* [TASK DIRECTIONS]: Give back exactly the line containing "Národní archiv Praha" and all that follow it in the data below, with the pictures left out.

* [SOURCE MATERIAL]:
=== Section Start ===

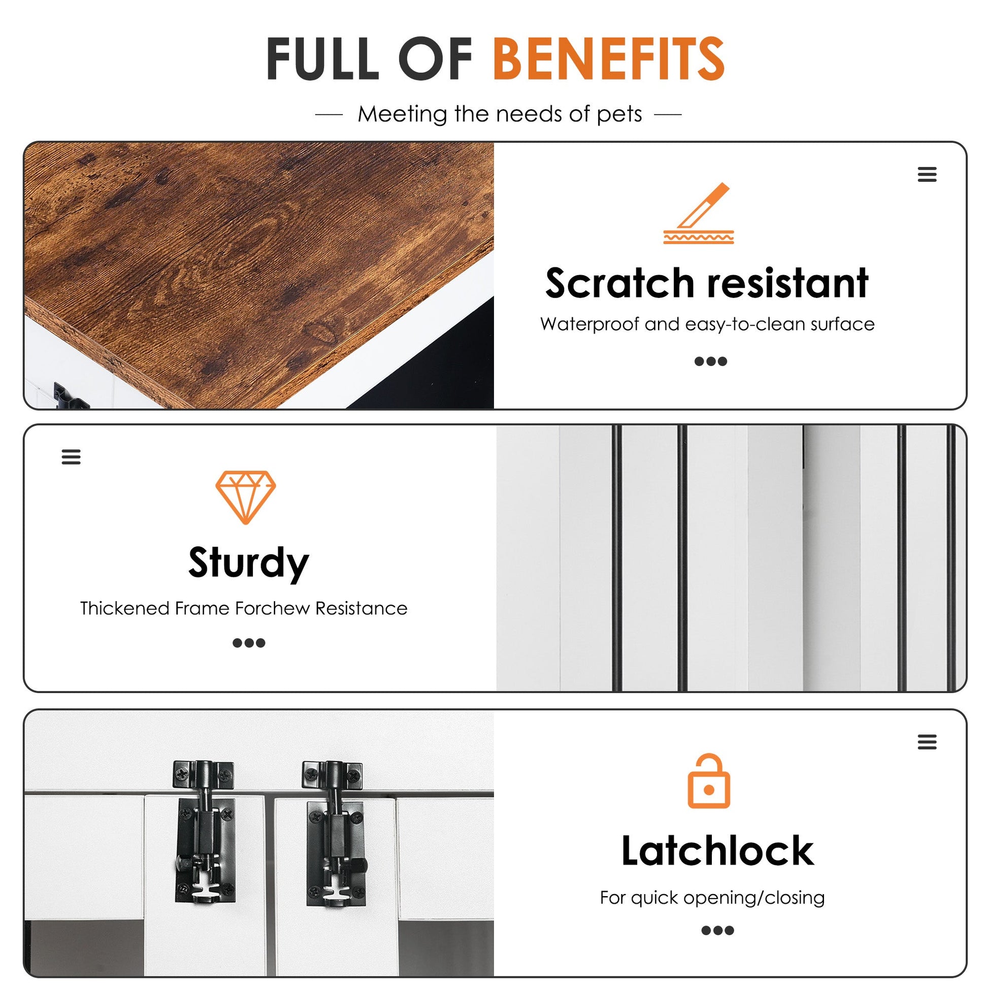 - Furniture style design: pastoral style dog cage; The use of high-quality P2 grade particleboard can not only better decorate your home space, but also more healthy and environmentally friendly.
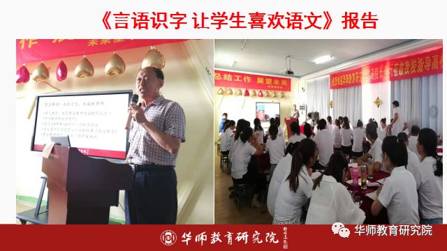 由华师教育研究院特聘专家王炳新,为老师们做了长达3小时的主题报告《言语识字 让学生喜欢语文》。
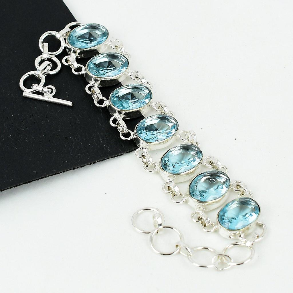 Bransoletka ze szwajcarskiego niebieskiego topazu, ręcznie robiona, ze srebra próby 925, bransoletka ze szwajcarskiego niebieskiego topazu dla żony, bransoletka unisex, prezent z waty
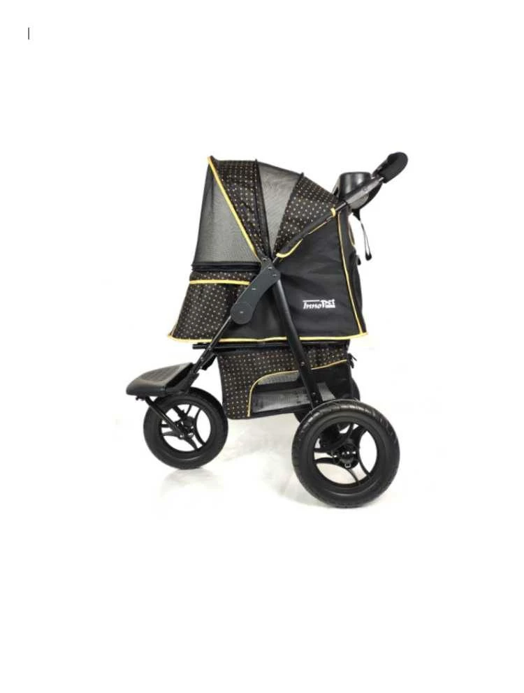Dit is een mooie zwarte hondenbuggy die geschikt is voor honden tot 30 kg. Dit nieuwe model is voorzien van vele extra’s. De flap aan de voorzijde met het Innopet logo kan geopend worden. Het gaas aan de voorzijde klapt omhoog in de kap, in tegenstelling tot andere modellen waarbij de kap in het liggedeelte wordt opgeborgen. Door het nieuwe systeem heeft uw hond meer ruimte in het liggedeelte. Een dik kussentje in het liggedeelte maakt het verblijf van uw huisdier extra comfortabel.
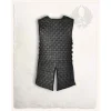 Deze hoge kwaliteit leren armbeschermer beschermt de arm van de hand tot de bovenarmen. Hij is gemaakt van overlappende leren stukken die allemaal een handafgewerkte zoom hebben, om beschadiging en vervorming te voorkomen. Het stuk bij de hand is gemaakt van suedeleer, net als de koorden bij de pols en de ellebogen waarmee je de bracer vastknoopt. Het zwarte suede materiaal van de koorden en de hand contrasteert mooi met het gladde zwarte oppervlak waar de rest van de bracer uit bestaat. Bovenop is een wit leren stuk bevestigd dat de structuur en het uiterlijk van een stuk been suggereert.
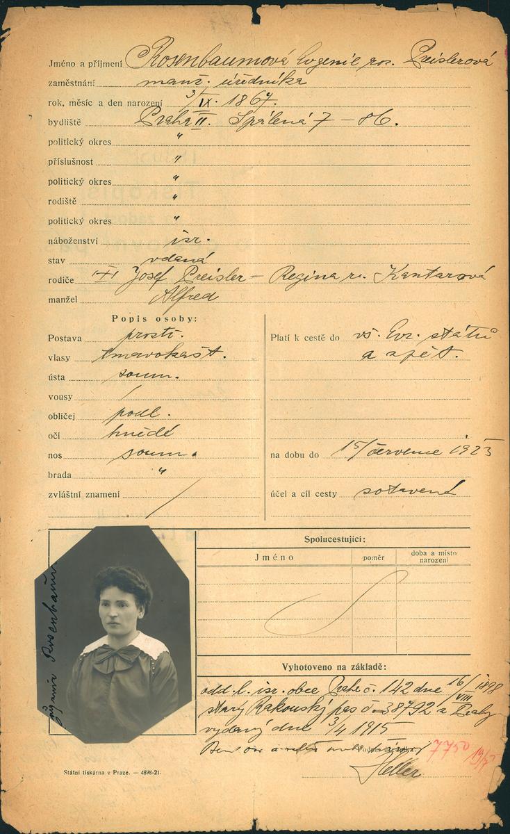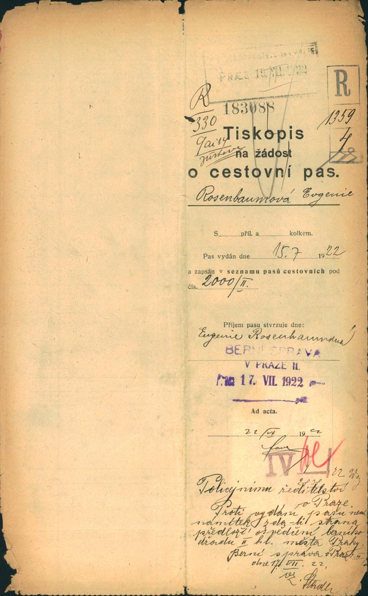 Národní archiv Praha > Policejní ředitelství v Praze > 1941-1950 > R > Rosenbaumová Evženie
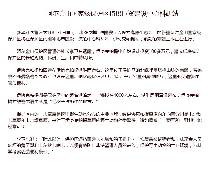 阿尔金山国家级保护区将投资巨资建设中心科研站

=== Section End ===

* [RESULT]:
 Národní archiv Praha > Policejní ředitelství v Praze > 1941-1950 > R > Rosenbaumová Evženie
 阿尔金山国家级保护区将投资巨资建设中心科研站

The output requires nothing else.